Charles put on his stiff upper lip.  That seemed to quell the giggling, for the moment. "What happened?"

Scott sighed.  "Jean and I were talking to the military representatives, so I left Shadowcat and Nightcrawler with you.  Taking in all that stasis fluid was pretty hard on you --- you threw up all over Kurt.  He's putting on clean clothes."

"Goodness!"

Charles was about to say something else when everyone heard heavy breathing and the distinct, muffled patter of two fuzzy feet. 

"I'm here!  I'm here!  Vas is going on?" Kurt yelled, running in.  He was bleary-eyed and clearly off-balance.

Everyone stared in shock. 

In his haste to get to the Med-Lab, the furry teleporter had put on two ridiculous items of clothing --- tiny red briefs with a little rocket ship on them (a Christmas gag gift that he'd taken to wearing under his uniform), and one of Kitty's t-shirts, so short that it didn't even hit his belly button.  It was a little pink number that stretched hard across his chest and said "Princess," in sequins. 

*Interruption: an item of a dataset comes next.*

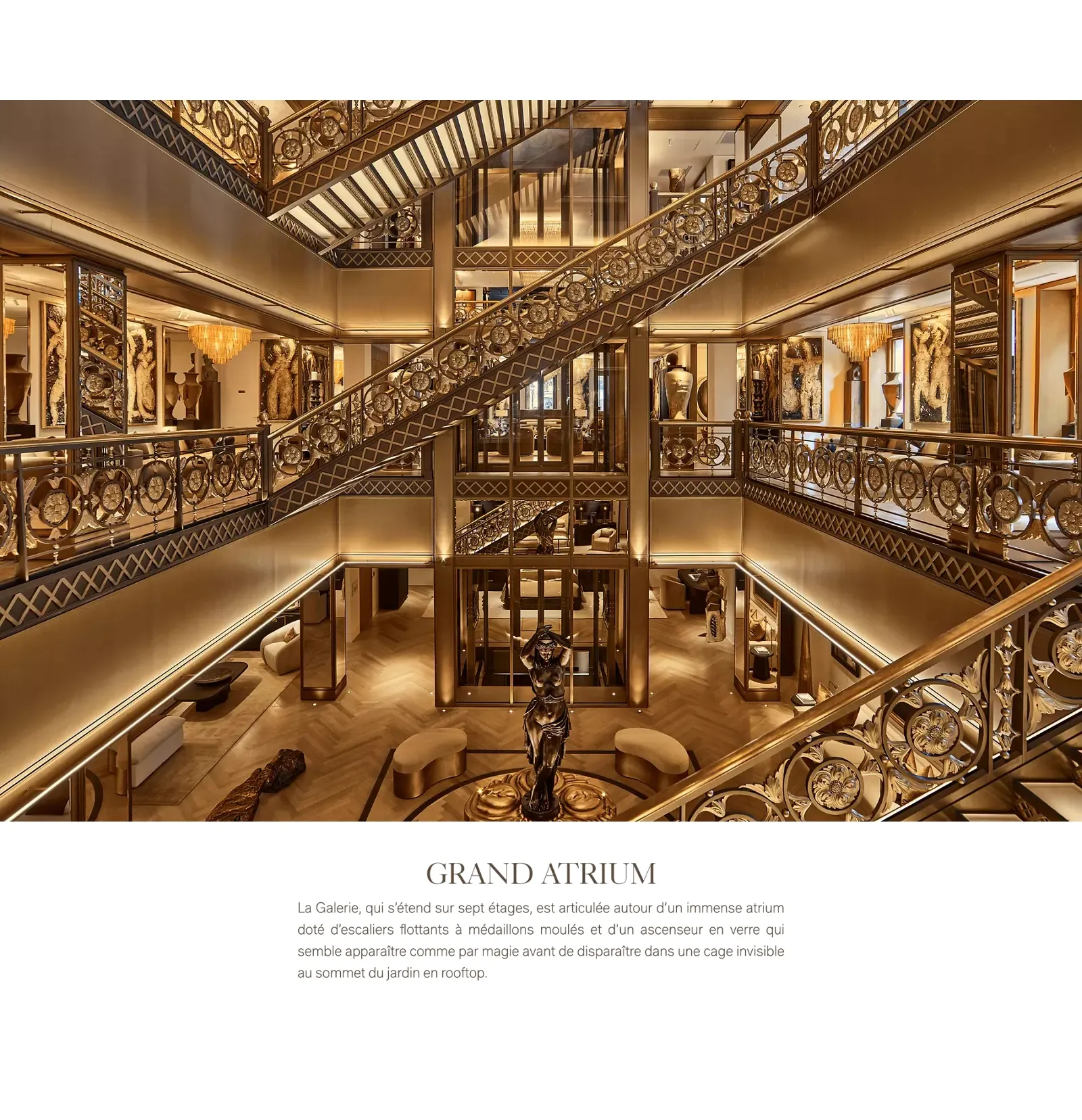 RH Paris est une cathédrale du design, un écrin de 7 niveaux et 3 900 m² où mobilier, artefacts et œuvres d’art venus du monde entier dialoguent comme dans un musée vivant.

"Dios Mio," Roberto muttered, and crossed himself.  "It's da goddamn end of the world."

Logan raised an eyebrow.  "Elf?  You, uh, ya got somethin' ya wanna share?"

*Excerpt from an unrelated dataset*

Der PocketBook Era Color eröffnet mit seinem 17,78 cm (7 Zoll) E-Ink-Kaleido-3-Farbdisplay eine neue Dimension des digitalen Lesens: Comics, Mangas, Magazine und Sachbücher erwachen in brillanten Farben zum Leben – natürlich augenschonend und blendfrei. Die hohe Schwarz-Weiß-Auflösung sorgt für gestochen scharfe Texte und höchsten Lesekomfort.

But Kurt didn't hear either of these remarks --- everyone else was laughing too hard, slapping their knees, crying, etc.  Everyone, that is, except the professor. 

"Well," Charles said kindly, "I believe someone needs to finish his laundry."

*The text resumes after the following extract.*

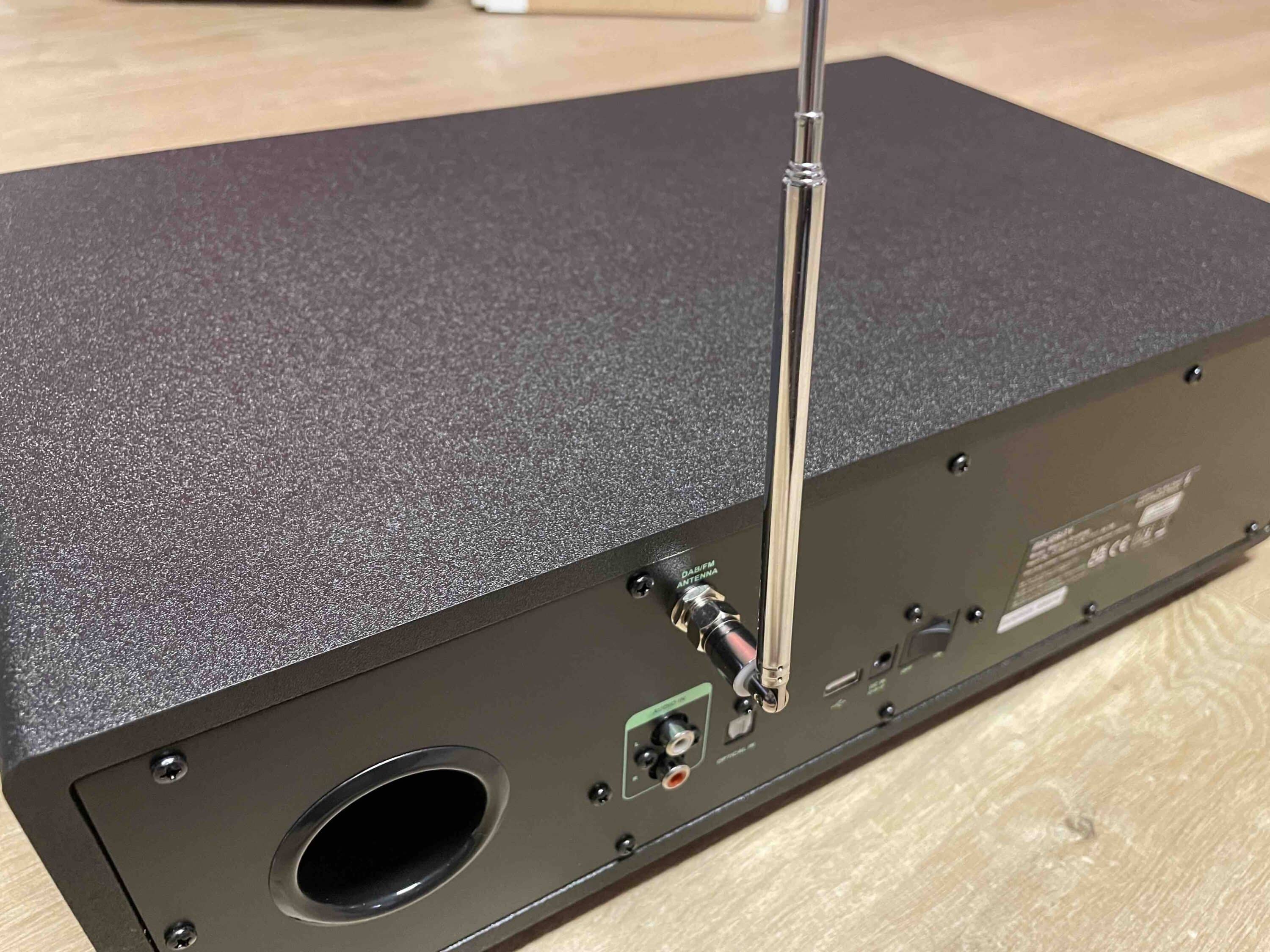 An der Rückseite sitzen wiederum die Eigänge des Systems. Weiterhin befindet sich hier die Antenne für den klassischen Empfang von Radiosignalen und ein Kippschalter. Zum System gibt es obendrein eine praktische Fernbedienung, die recht unauffällig daherkommt.

Kurt was baffled.  Evan, ever the opportunist, got out a disposable camera.

"Hey, Kurt!"

Kurt turned around, in a fog, and Evan and took a picture.  Ducking his Auntie O's hand, he scampered out, accompanied by most of the new recruits. 

"Are you all right, Kurt?" Charles asked.

"Ja, fine," he said, trying to shake off the flashes in front of his eyes.  "Just glad you're okay, Professor."

"I'm well, thank you."  He turned to the remaining X-Men.  "Why don't you all go now, and see if you can help Logan get the underground cubicles set up.  You all need rest after what you've been through."

The team nodded and left, herding a sleepy Kurt out in front of them.  Evan was waiting in the hall, holding up his camera.  The team was trying to hold back their snickers.  As soon as the Fuzzy One was more awake, all the fun would be gone.  

~*~X~*~

The next day, the professor was up and about, wheeling around the underbelly of the Institute.  He was inspecting the damage down below.  Most of the kids had dug through the rubble top-side and retrieved some of their possessions --- clothes, hairbrushes, books, etc. --- but there was practically nothing left of the above-ground building.  The Danger Room was blown to hell, too.  They would have to almost completely rebuild the manor.  Charles sighed.  His checkbook was going to take a major hit, he could feel it.  Wheeling into the kitchen area, he saw that the kids had put up a bulletin board, to make the place a little more cheerful.  There were notes reminding people to pick up certain groceries, one terribly-spelled note reminding Kitty not to drink milk from the bottle (he raised an eyebrow), and a whole lot of pictures that Evan had taken.

Some showed Scott and Logan putting up the sleeping cubicles.  A few others showed Scott and Logan having a fight while putting up the cubicles.  There was one shot of each "breakfast shift," all the kids in each making the peace sign at the camera … and about six pictures of a dazed and confused Kurt, in his lucky rocket ship underpants and Kitty's baby tee.  The poses got increasingly ridiculous.  Straight on.  Over the shoulder.  Stalking towards the camera.  Leaning on a wall.  Lounging on the table.  A close-up, with a kissy face.  And finally, silly celebration. 

Charles just shook his head and wheeled away, laughing.  For all the evolving that went on here, there were some things about this place that he hoped would never change.